I was subsequently serenaded in three languages. In the parking lot. While I put my groceries into the back of the minivan.

You see, for some reason, while I was paying for my groceries, the man bagging them (his name is Jud) asked if I was a singer. (Why, I have no idea -- my speaking voice is less than mellifluous, to my ears, anyway.) When I told him I only sang in the car, and that my children usually asked me to stop before I hit the third note, he launched into a mini-workshop on how to sing (I vaguely remember something about using the diaphragm to push the lungs up, relaxing the throat, letting the mouth open, and not singing from the throat, but there was much, much more, and I've lost it already)...

Jud didn't ask me if I needed to be accompanied on the way to my car, he just provided it -- both corporeally and musically. As we walked across the parking lot, he told me all about the difference between singing in Czech and Italian (Italian is, evidently, all about the vowels, making it easy to sing beautifully, whereas Czech, like German and English, involves clenching the jaw).

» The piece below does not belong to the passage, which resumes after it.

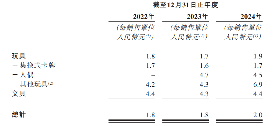 卡游的集换式卡牌贡献绝大多数收入。2022-2024年,公司来自销售集换式卡牌的收入分别为39.3亿元、21.8亿元及82亿元,2024年来自“其他玩具+人偶”及文具产品的收入占比分别为13.4%及5.1%。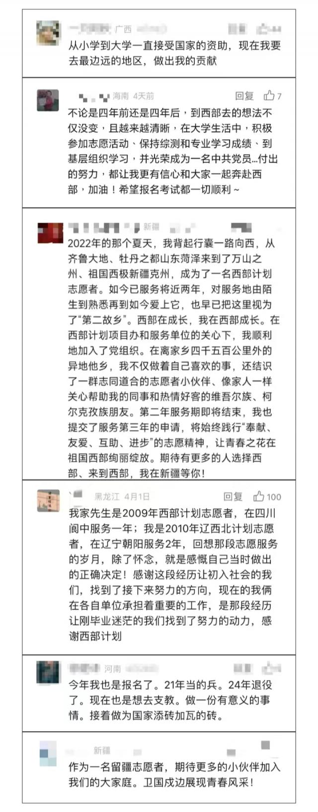 “有一种生活你没有经历过就不知道其中的艰辛有一种艰辛你没有体会过就不知道其中的快乐有一种快乐你没有拥有过就不知道其中的纯粹”这是许多西部计划志愿者的共同感受距离2024年西部计划报名截止仅剩不到3天!期待更多有理想、敢担当、能吃苦、肯奋斗的青年朋友们到西部去到基层去到祖国和人民最需要的地方去让青春在为中国式现代化挺膺担当中焕发绚丽光彩

When we got to the minivan, I started loading the bags while the demonstrations began. Jud didn't hold back at all; as we stood there in the parking lot, unloading groceries, he took a deep breath and belted out a few arias, trying to show me the difference between the sounds. I'm sure we got some odd looks, but I didn't care a whit. I was happy to be an audience, even if only for a few minutes; it was wonderful to hear someone so excited about something. And so anxious to share it.

As I got the last bag into the van and closed the hatch, Jud concluded his al fresco performance with a lovely little Italian aria. He then informed me that Luisa Tetrazzini had written a singing instruction book with Caruso, and that it was available on the third floor of the main library branch downtown. And that I should get it immediately before someone else snapped it up.

I thanked him, of course, and then we went our separate ways -- both smiling.

Truth be told, even though I have no plans to further my musical training at this time (or, quite frankly, ever), it was just a delightful experience, and I look forward to my next grocery run.

Because who knows? I might just get to hear some Chinese!


At 10:19 PM, May 07, 2007, Blogger Laura Kramarsky said...

Wow. My last instructional experience with a stranger occurred at a Starbucks I stopped into before the Edgars. I was sitting at the counter when woman (who I subsequently found out had a Philipino mother and a Japanese father) asked me if I were a doctor.

I don't LOOK like a doctor. OK, I was dressed more nicely that day than usual, but still...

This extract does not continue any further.